• Dataset section
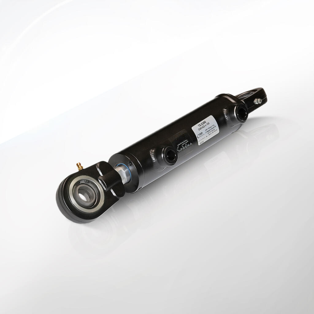 P5 UCN2 (ucho dna z łożyskiem przegubowym): Łożysko przegubowe (kuliste) działa podobnie, jednak inaczej rozkłada naprężenia i pozwala na inny zakres pracy kątowej. Zazwyczaj jest preferowane w aplikacjach, gdzie ruch kątowy jest bardziej przewidywalny, a obciążenia boczne nie są tak duże, jak w przypadku wersji wahliwej.
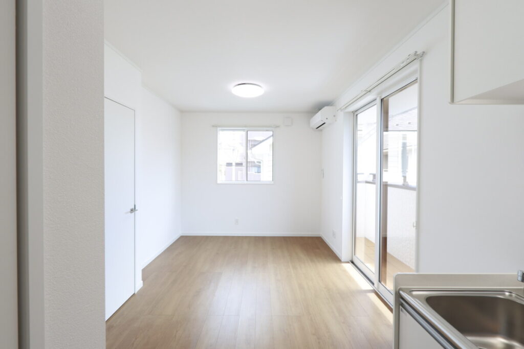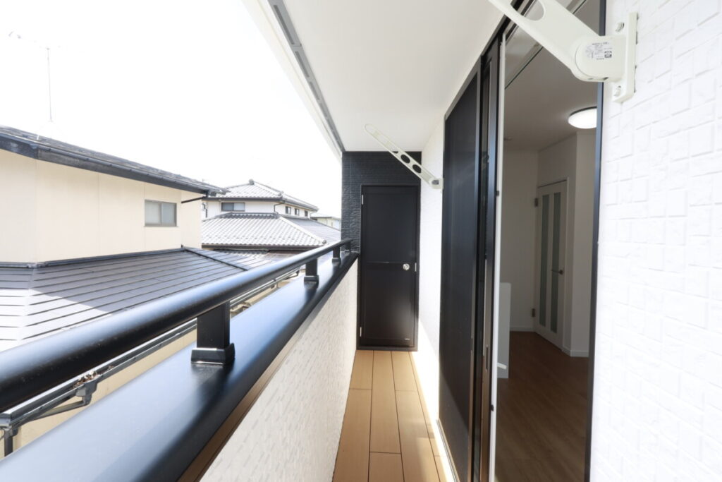 リビングと段差のないバルコニー床。ご入居者様に少しでも広く感じていただこうとオーナー様のこだわりポイントです。
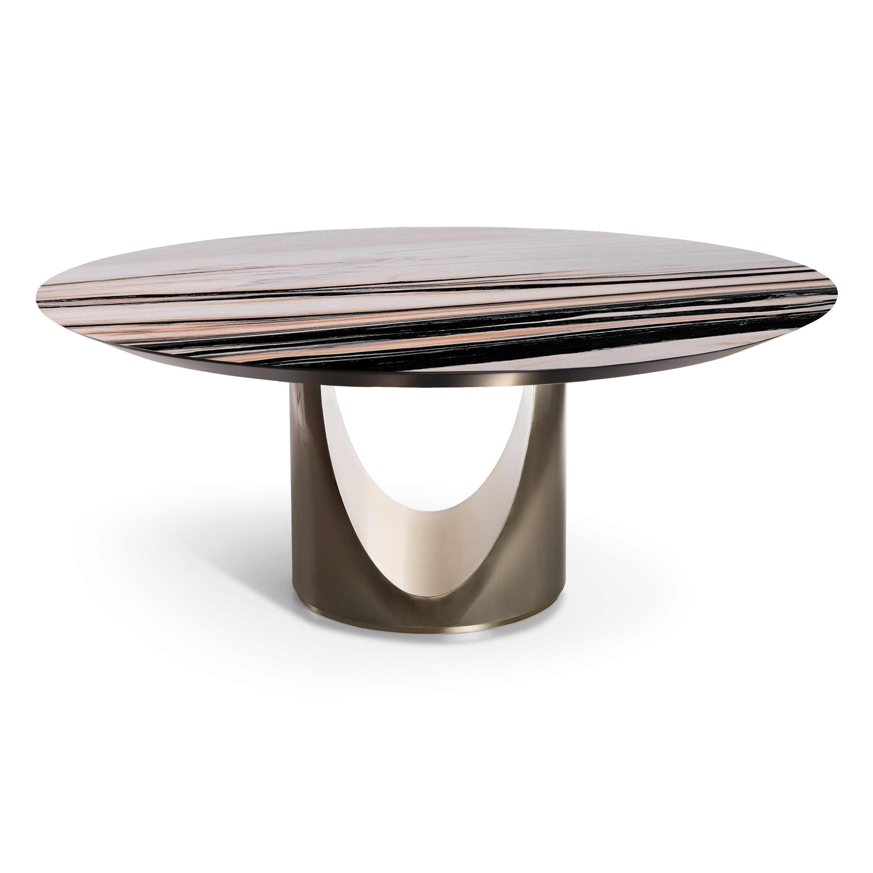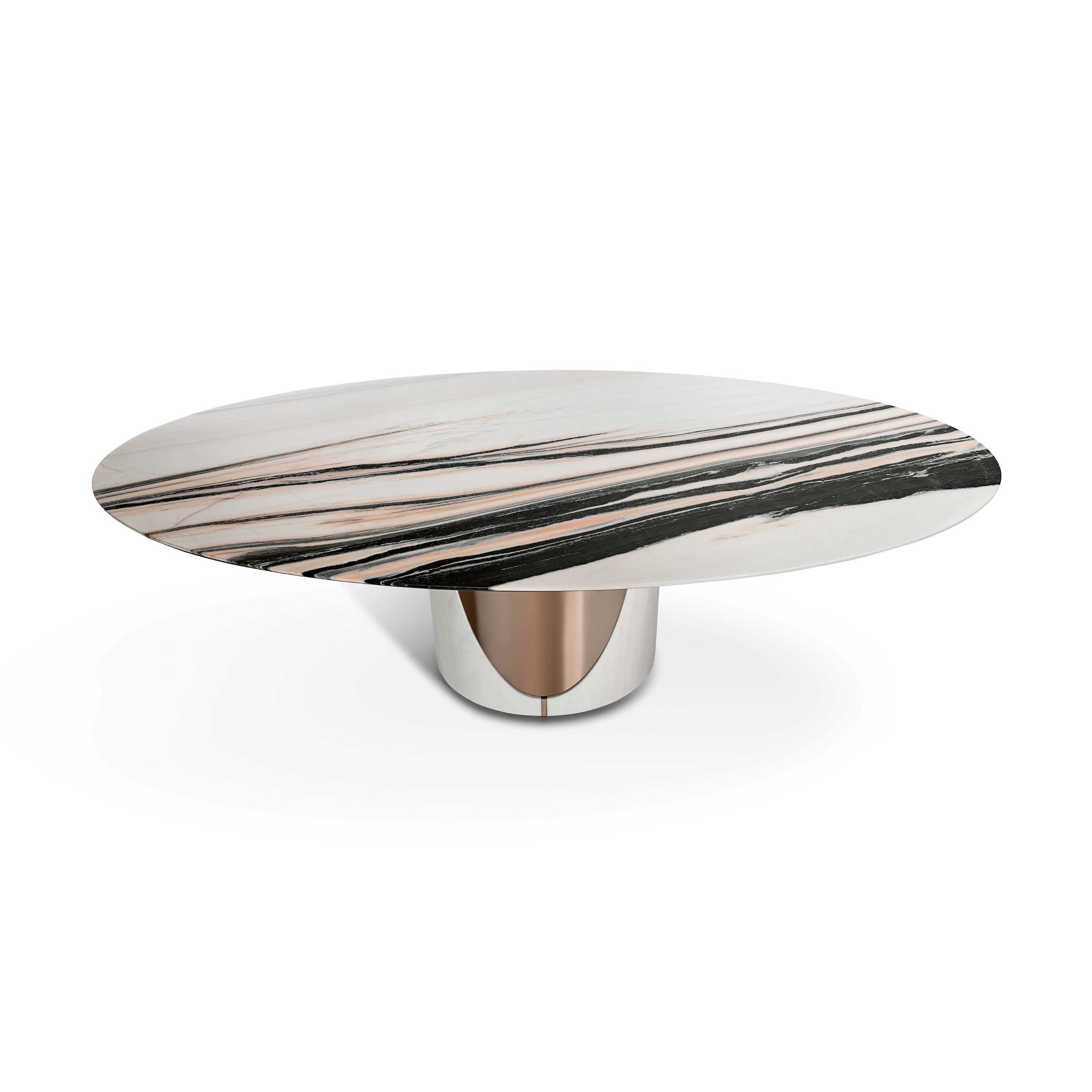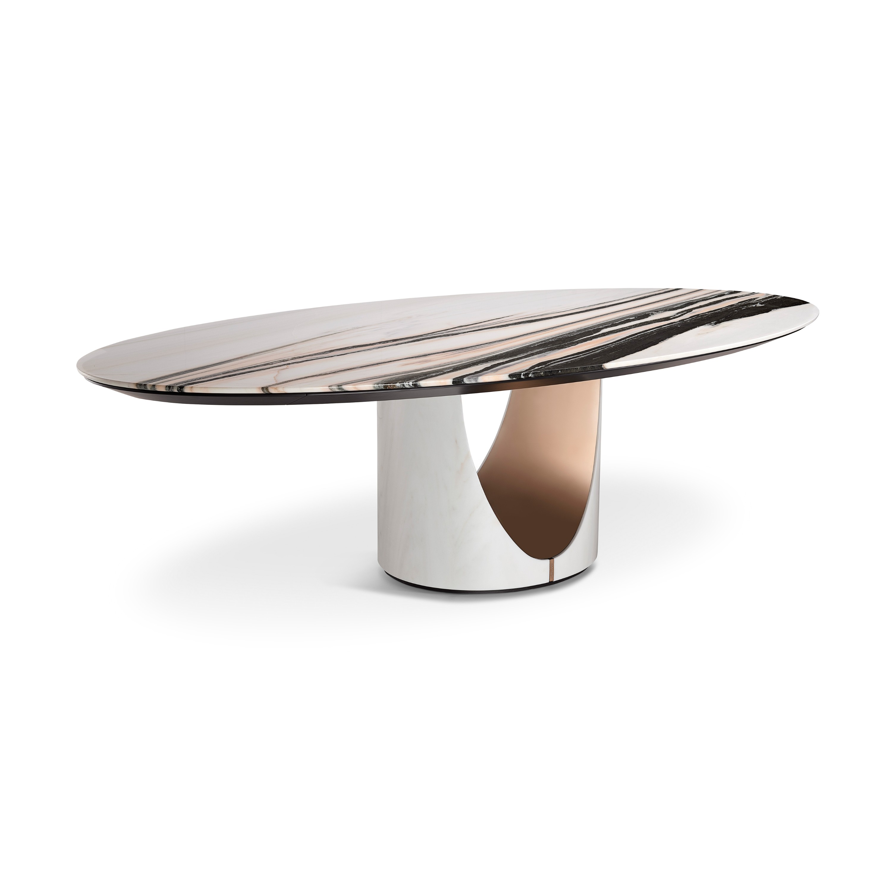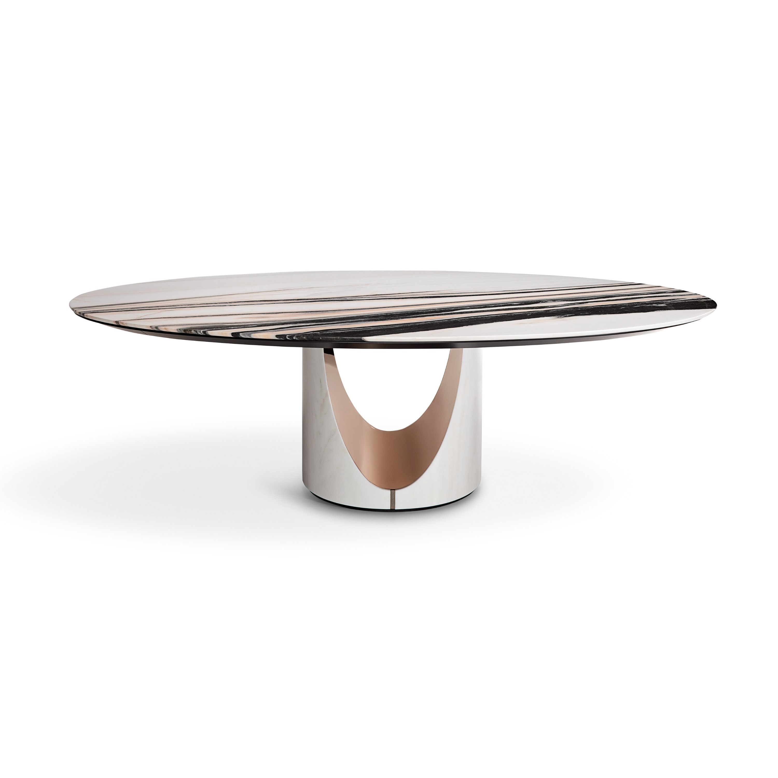 Dining table in marble with round or elliptical top and sculptural base composed of two cylindrical marble elements, carved from a block in a reversed arch shape and hand-polished. The interior of the arch is finished in polished stainless steel, while an aluminum bar with logo separates the two volumes. The top, with a half-round edge, rests on a lacquered wooden under-top. Metal parts are available in selected finishes.

• Task brief
The response must match the data line for line, from its first line through the line with "リビングと段差のないバルコニ", inclusive, and must leave out the pictures.

• Solution for this exercise
 P5 UCN2 (ucho dna z łożyskiem przegubowym): Łożysko przegubowe (kuliste) działa podobnie, jednak inaczej rozkłada naprężenia i pozwala na inny zakres pracy kątowej. Zazwyczaj jest preferowane w aplikacjach, gdzie ruch kątowy jest bardziej przewidywalny, a obciążenia boczne nie są tak duże, jak w przypadku wersji wahliwej.
 リビングと段差のないバルコニー床。ご入居者様に少しでも広く感じていただこうとオーナー様のこだわりポイントです。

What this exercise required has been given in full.